The emoluments of a handful of Jewish ministers exceed by far those commanded by senior Christian clergy. Obviously, a career of service to Jewry deserves reasonable reward.
However, there comes a point at which multi-millionaire luxuries for a lucky minority may provide the wrong incentives and set a troubling moral tone. Both the current and former Chief Rabbis have been spending their Passovers abroad as guest resident scholars - in one case in a five-star skiing resort in the Canadian Rockies and in the other at the Ritz-Carlton resort in Naples, Florida. Customers there pay more than £5,000 for the cheapest room for two persons for three nights at the start of the festival. The age-old Jewish organisational problem of more leaders than followers is another reason for financial deficits. Here too the Spanish and Portuguese congregation may be typical.
Despite employing a senior rabbi, rabbi and a new events organiser and part-time youth rabbi at its main Lauderdale Road synagogue, not to mention the presence of a dayan and a retired rabbi, there has been a recent appeal for men to help achieve the minimum daily minyan of 10 men for morning prayers.

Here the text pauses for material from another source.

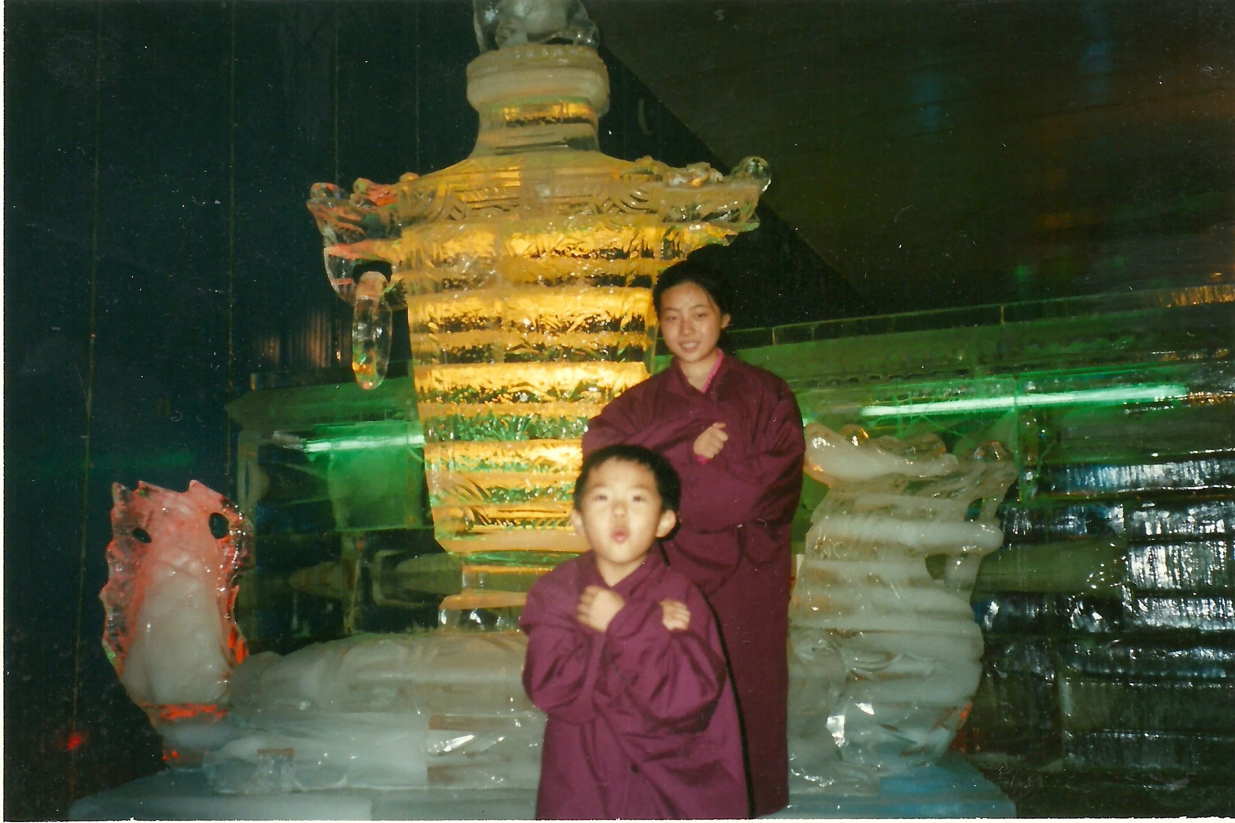 In Nanjing, my dad’s older brother Dabaibai picked us up with my aunt Dabaima to stay at my paternal grandmother’s old apartment on the university campus. Nanjing scared me because it felt much bigger than Taizhou. There were more open spaces, and felt much wider than even back home in Alhambra. It was also very green, I noticed as I watched my cousin Xuechen play with cousin Mimi in a field on campus against the backdrop of a bell tower covered with thick vines and ivy. I didn’t get along with cousin Xuechen at first as she felt frustrated tutoring me at math, complaining out of the corner of her mouth that I was slow. But we made up, watching the Hulu Brothers cartoon on tv together. She eventually took me with her to an indoor playpark that had a soft inflated obstacle course we climbed together and a colorful ball pit we dove into as the music from My Neighbor Totoro played overhead. She also took me to the indoor ice sculpture festival that was in town that summer. We put on very large, thick maroon colored robes as we looked at beautiful carved frozen sculptures in the shape of swans, bears, and dragons lit up with various color lights. I jumped up and down excitedly as I saw my own breath form in the frigid air. Later that night, as Dabaibai and Dabaima took us walking at Lake Xuanwu, the air hung humid and cicadas sang in the trees in tune with Jacky Cheung and Teresa Teng songs blaring over the PA. I argued with Dabaibai whether to take the taxi home or the bus home. “Taxi taxi taxi taxi!” I yelled. “Bus bus bus bus”, he argued back, adding “I can talk faster, I win!”

A particularly shortsighted policy is the "death tax" for non-members. It may be an efficient way of extorting money from grieving families but hardly causes love and attachment to Judaism. The United Synagogue charges £16,000 to bury non-members in London. The Spanish and Portuguese synagogue demands £50,000 to inter a non-member in its Golders Green cemetery.
Gross inequality and profligate spending are not peculiarly Jewish problems. Free champagne flows three nights a week at one UK college. University vice-chancellors routinely earn more than any British rabbi.
This should not provide an alibi for Anglo-Jewry. If our institutions are to become stronger, if they are to attract participants and donors, they need to be more transparent, more economical, prouder of our heritage, and more geared to the poor and disadvantaged, and to education rather than to showy, wasteful communal lifestyles.